Created 08-10-2017 07:08 PM
Could you remind me whats going on here in this example explain plan. The table contains 611 rows, which I see are being read. Then it appears as the key is not null predicate is applied and the number of rows drops to 306. There are no null fields in this dataset.
How is this pruning data? I would have expected that to be the same as the input size.
Map Operator Tree:
TableScan
alias: a
filterExpr: key is not null (type: boolean)
Statistics: Num rows: 611 Data size: 1833 Basic stats: COMPLETE Column stats: NONE
Filter Operator
predicate: key is not null (type: boolean)

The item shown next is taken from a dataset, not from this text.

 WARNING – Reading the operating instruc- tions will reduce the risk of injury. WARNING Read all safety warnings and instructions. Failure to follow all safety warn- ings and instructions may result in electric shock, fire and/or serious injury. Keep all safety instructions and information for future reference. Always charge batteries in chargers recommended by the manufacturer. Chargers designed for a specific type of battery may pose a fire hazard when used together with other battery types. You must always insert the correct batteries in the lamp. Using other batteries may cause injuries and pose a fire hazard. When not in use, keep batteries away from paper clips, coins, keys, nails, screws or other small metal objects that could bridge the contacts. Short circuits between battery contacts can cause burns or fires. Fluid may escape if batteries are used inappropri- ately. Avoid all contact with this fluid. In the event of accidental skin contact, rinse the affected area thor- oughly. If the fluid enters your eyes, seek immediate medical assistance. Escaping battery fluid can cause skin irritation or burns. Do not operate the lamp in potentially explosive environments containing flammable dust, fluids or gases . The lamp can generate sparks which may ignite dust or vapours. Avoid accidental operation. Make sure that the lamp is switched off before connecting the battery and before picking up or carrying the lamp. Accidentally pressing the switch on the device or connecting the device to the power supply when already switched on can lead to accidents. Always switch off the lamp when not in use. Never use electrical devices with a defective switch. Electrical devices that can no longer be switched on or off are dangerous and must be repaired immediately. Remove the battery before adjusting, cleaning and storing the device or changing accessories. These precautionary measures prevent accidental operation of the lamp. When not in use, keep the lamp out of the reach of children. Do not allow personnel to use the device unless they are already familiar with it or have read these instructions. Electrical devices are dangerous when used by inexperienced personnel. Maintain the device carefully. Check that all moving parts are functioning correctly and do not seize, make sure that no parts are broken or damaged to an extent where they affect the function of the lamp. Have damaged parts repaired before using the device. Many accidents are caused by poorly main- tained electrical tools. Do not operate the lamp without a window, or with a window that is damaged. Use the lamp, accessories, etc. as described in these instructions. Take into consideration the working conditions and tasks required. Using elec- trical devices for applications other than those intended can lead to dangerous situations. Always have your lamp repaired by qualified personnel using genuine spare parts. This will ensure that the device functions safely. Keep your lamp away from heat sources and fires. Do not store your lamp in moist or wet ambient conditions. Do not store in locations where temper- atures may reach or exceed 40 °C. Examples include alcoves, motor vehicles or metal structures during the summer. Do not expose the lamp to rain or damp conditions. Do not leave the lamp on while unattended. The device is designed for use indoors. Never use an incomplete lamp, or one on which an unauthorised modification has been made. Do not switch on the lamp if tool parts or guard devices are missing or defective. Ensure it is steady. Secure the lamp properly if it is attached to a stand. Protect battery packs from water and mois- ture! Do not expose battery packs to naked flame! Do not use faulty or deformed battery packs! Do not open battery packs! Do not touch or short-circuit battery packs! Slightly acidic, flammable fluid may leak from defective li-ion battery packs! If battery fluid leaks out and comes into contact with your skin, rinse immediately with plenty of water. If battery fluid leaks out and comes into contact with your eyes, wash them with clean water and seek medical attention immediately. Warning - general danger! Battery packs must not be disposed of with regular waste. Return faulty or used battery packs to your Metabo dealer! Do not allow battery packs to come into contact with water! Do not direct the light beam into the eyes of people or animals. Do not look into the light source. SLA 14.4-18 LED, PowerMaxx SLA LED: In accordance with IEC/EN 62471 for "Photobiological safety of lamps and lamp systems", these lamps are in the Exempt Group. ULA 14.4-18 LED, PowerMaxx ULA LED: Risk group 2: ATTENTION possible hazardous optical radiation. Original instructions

Statistics: Num rows: 306 Data size: 918 Basic stats: COMPLETE Column stats: NONE
Reduce Output Operator
key expressions: key (type: string)
sort order: +
Map-reduce partition columns: key (type: string)
Statistics: Num rows: 306 Data size: 918 Basic stats: COMPLETE Column stats: NONE
Created 08-11-2017 08:02 PM
These numbers (Num rows, Data size) are estimated by Hive (optimizer) and do not represent actual numbers. You can run EXPLAIN + ANALYZE to see both Estimated and Actual numbers.
Created 08-11-2017 08:02 PM
These numbers (Num rows, Data size) are estimated by Hive (optimizer) and do not represent actual numbers. You can run EXPLAIN + ANALYZE to see both Estimated and Actual numbers.
Created 08-16-2017 06:18 PM
Thanks! This is exactly what I was looking for.